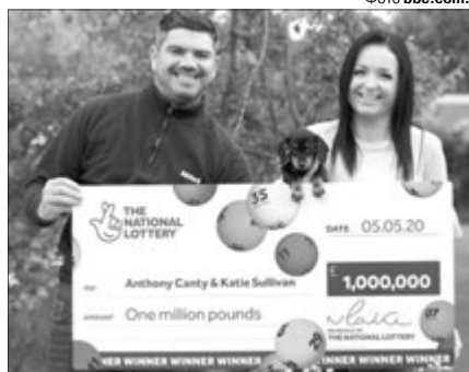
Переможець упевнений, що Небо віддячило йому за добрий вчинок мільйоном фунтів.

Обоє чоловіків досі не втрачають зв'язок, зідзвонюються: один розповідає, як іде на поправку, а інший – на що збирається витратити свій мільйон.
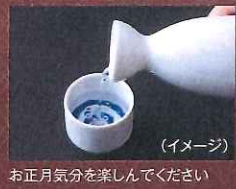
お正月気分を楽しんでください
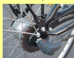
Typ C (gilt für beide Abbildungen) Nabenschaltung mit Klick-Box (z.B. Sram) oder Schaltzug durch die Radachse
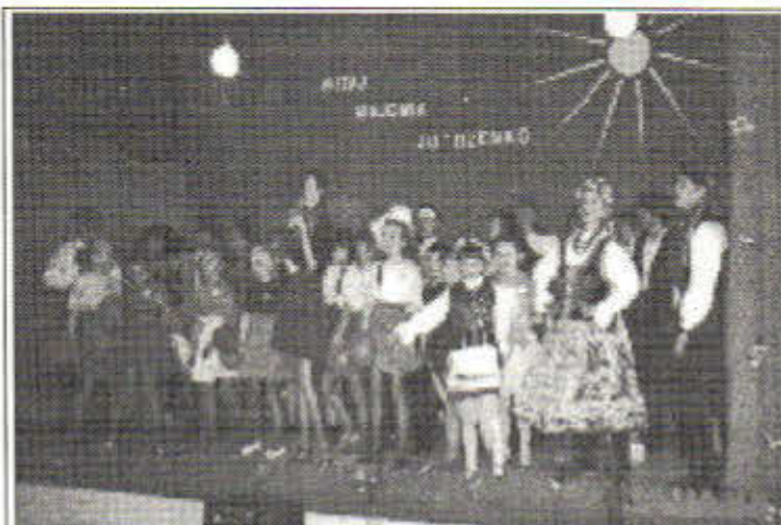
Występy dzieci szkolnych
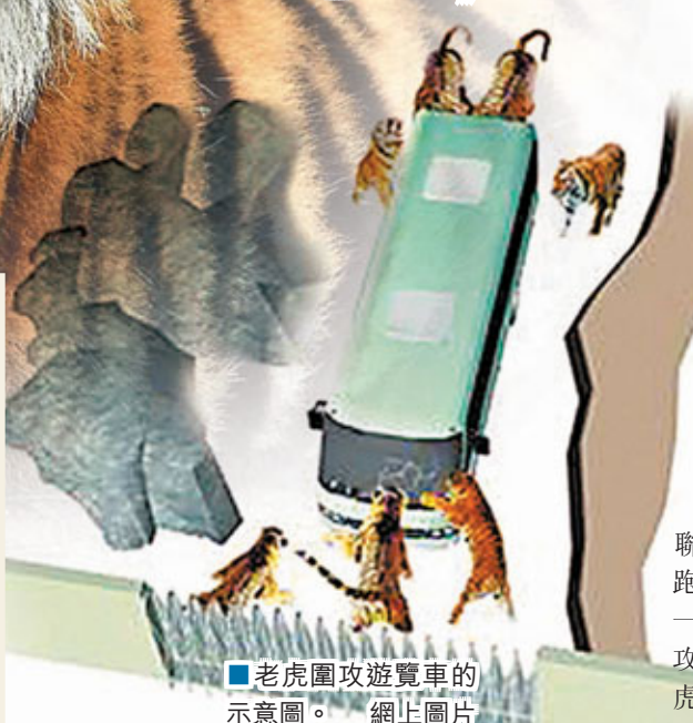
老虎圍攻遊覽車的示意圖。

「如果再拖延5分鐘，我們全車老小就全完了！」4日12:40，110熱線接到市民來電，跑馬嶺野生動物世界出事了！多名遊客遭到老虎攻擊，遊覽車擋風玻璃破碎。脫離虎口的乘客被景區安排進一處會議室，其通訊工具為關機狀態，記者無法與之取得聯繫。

------------------------------------

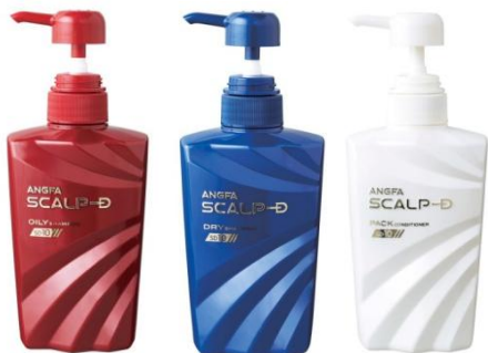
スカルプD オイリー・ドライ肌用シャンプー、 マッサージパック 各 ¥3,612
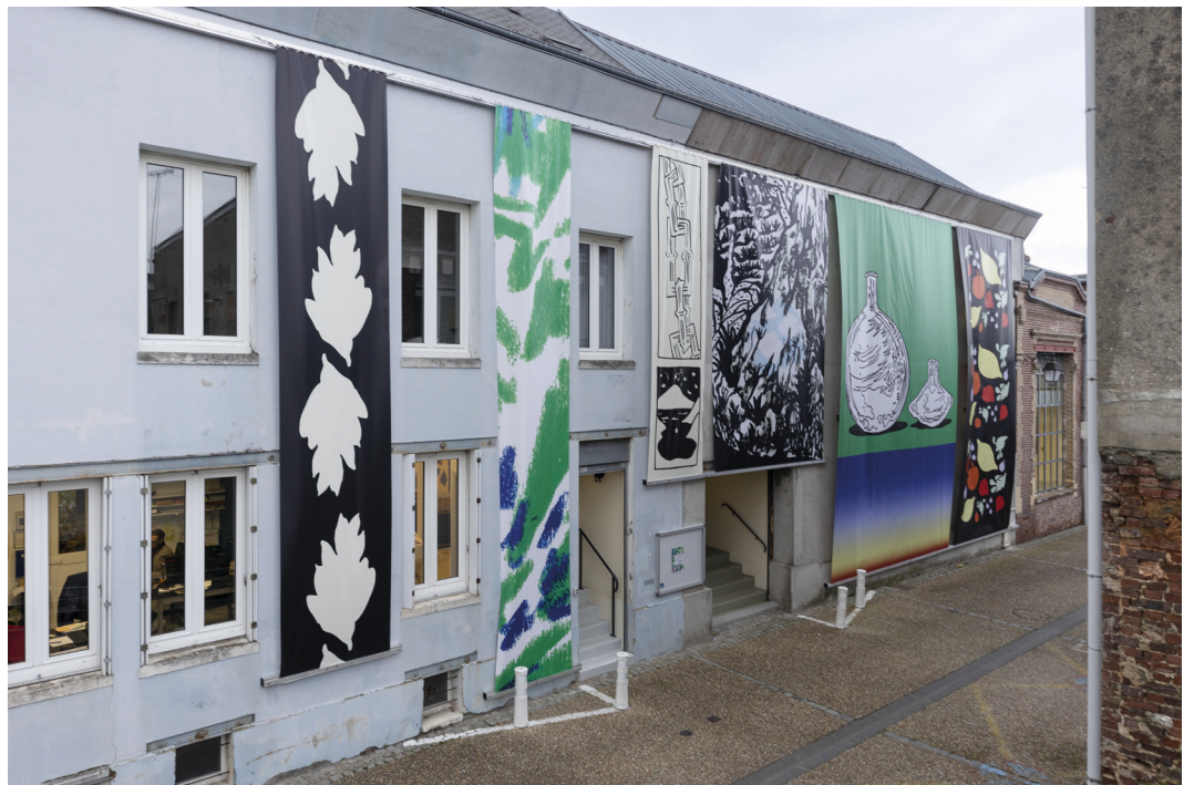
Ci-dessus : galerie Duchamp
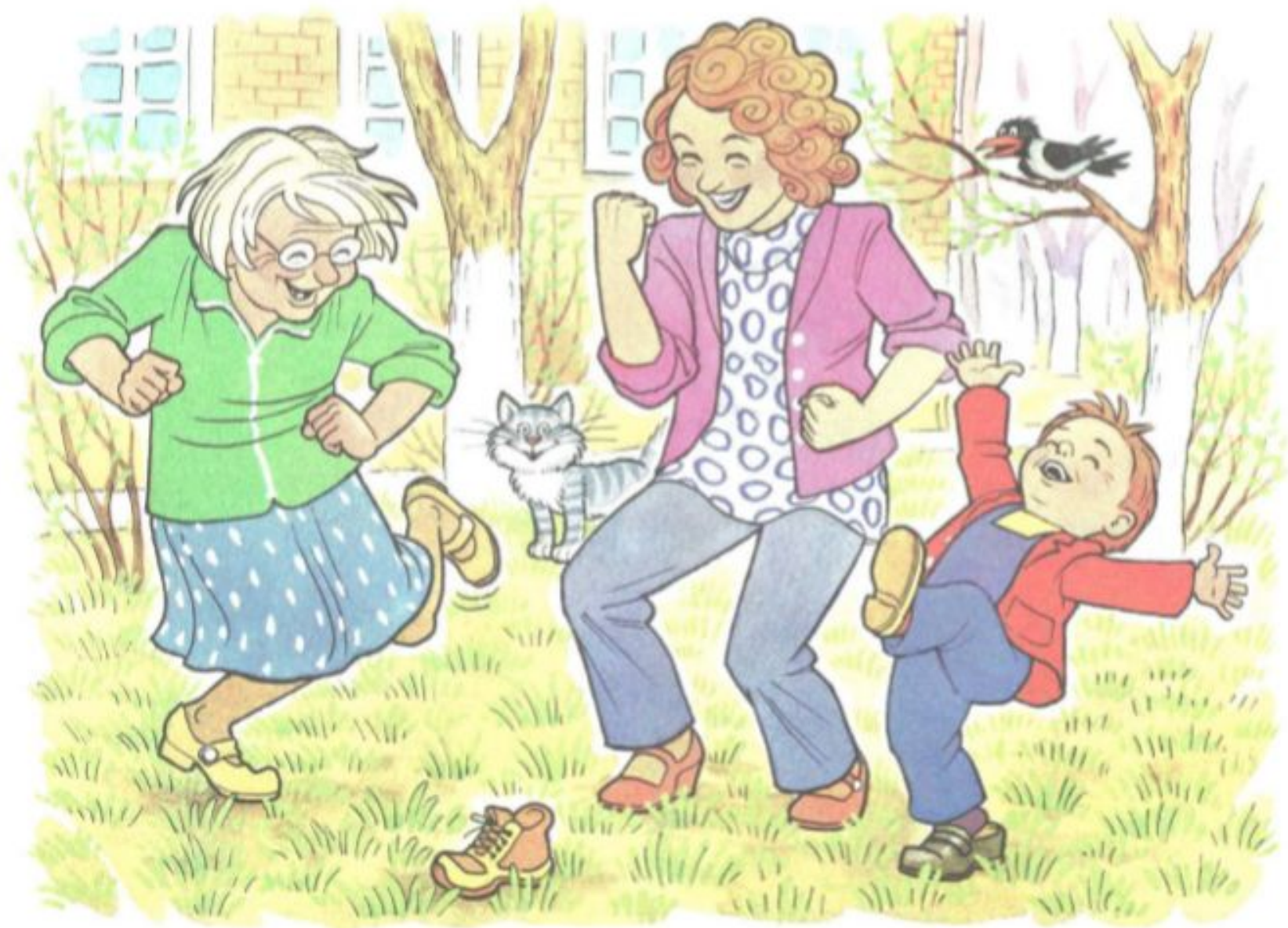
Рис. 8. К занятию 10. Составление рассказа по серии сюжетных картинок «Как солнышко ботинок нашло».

------------------------------------

--- What you will do ---
Working from the entries above, reproduce exactly and only the lines beginning with the line that has "お正月気分を楽しんでください" and ending with the line that has "老虎圍攻遊覽車的示意圖。"; omit all pictures.

--- Response area ---
お正月気分を楽しんでください
Typ C (gilt für beide Abbildungen) Nabenschaltung mit Klick-Box (z.B. Sram) oder Schaltzug durch die Radachse
Występy dzieci szkolnych
老虎圍攻遊覽車的示意圖。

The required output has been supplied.